At the game, Emily didn’t feel well.  Had a sore throat.  But she was interested in whether or not our ceiling has been fixed!  And she cajoled her Mamaw out of butterscotch candy that she always has in her pockets.  She’s a mess, that one.  Also my baby girl.

Remember the screaming visiting preacher I spoke about a few weeks ago?  He was back tonight, but I had nursery duty.  Jaiden and Jameel were both in attendance, so Doris stayed to help me.  The speaker was on, but the boys were in a playing, talking, running-around mood, so we didn’t hear much over their little squeals.  :) :)
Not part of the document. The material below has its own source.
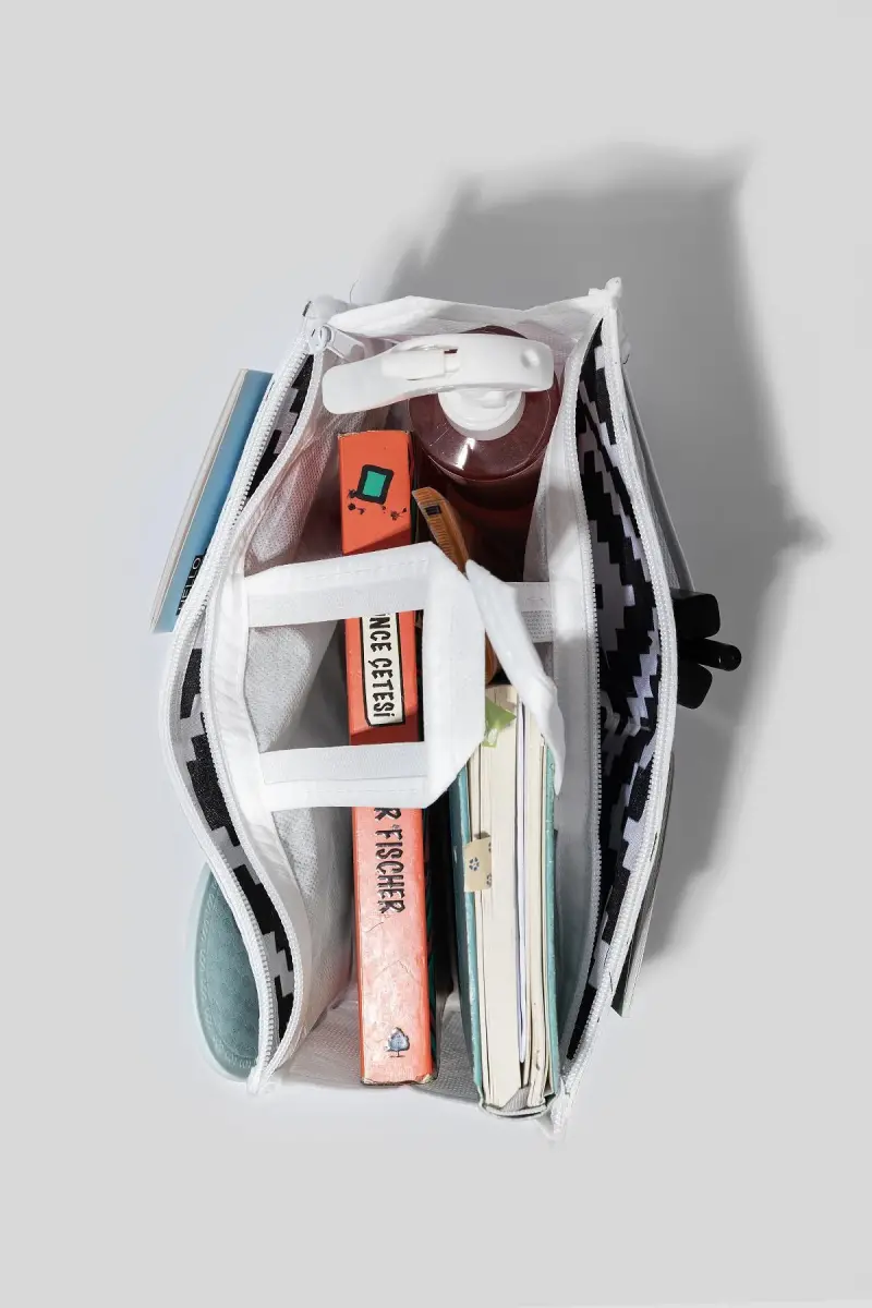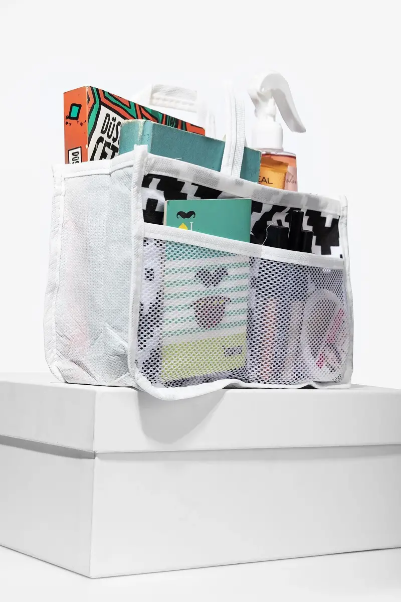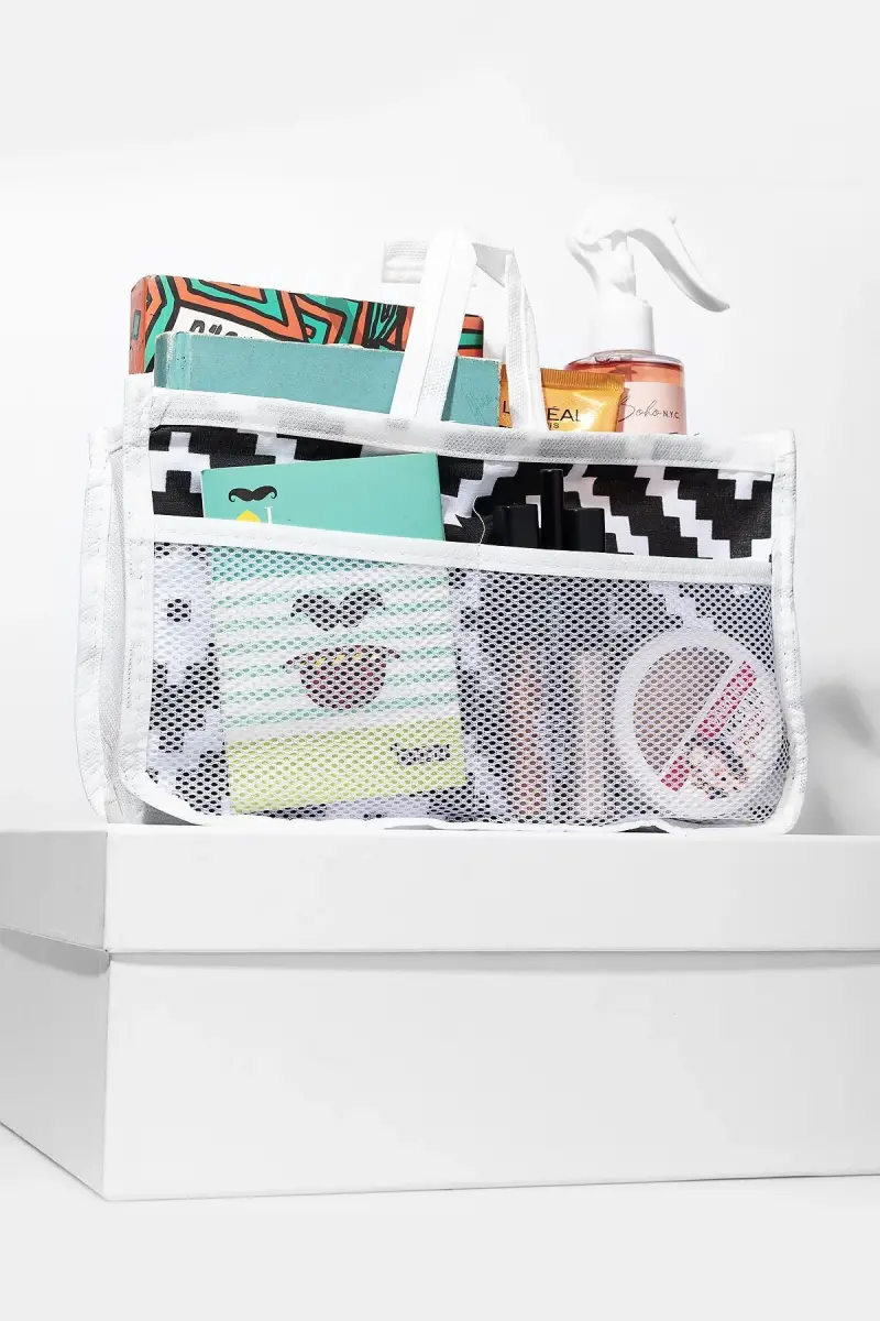 5 Bölmeli Beyaz - Siyah Desenli Bakım Seyahat Makyaj Kozmetik Organizer Çanta-Siyah
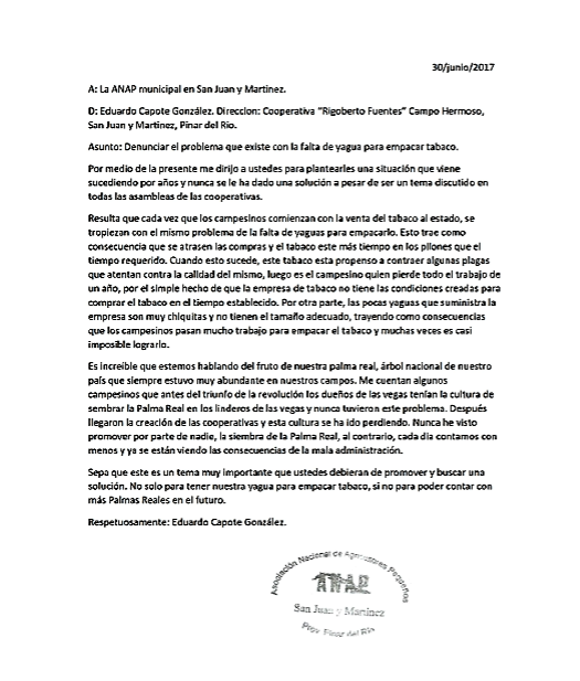 Asunto: Denunciar el problema que existe con la falta de yagua para empacar tabaco.

Someone I know rather well is having a birthday this week.  Edging into that sixth decade………..my, my my.  Gotta be somebody else that’s turning that age!  But, as I like to say, it’s much better than the alternative!!!!  After all, I would hate for Greg to have to start measuring me for one of his gurneys.

TODAY’S SMILES:

  1. The growth and maturity nephew Phil has exhibited in the last 3 months.
  2. The cooking abilities of nephew Phil.  He exhibited those last night for us, too.  Quite tasty.
  3. Sunshine.
  4. Afternoon naps.
  5. Learning to stretch a dollar.
  6. God’s providence.

See you tomorrow.  And may God bless.

Feb
4
2010

Holly’s surgery went well today.  Again, thanks be to God.  The surgeon went in expecting to need to put in a stint but ended up only having to put in a coil.  According to him, that’s good.  She will spend the night in ICU and, if all still looks good, she’ll get breakfast in the morning and go home.

The job I interviewed for at the University of Memphis was filled by another person.  That’s okay.  It was for an office assistant, and another position as an office associate is now open, and I’ve applied for it, too.  And it pays more!  :)   Ever since this job hunt began, I’ve tried to bow to God’s will in the matter.  I’ve said whatever and whereabouts He wants me, that’s okay.  And if it’s staying at home and learning to live on what I have in retirement, that’s okay, too.  I’m a work in progress.

Doris’ sister, Grace, has been diagnosed with breast cancer which has spread into the lymph nodes.  At this point, that’s about all we know.  She will consult with her doctor tomorrow morning, and I guess will be given a prognosis and a game plan.  Would appreciate your prayers for her.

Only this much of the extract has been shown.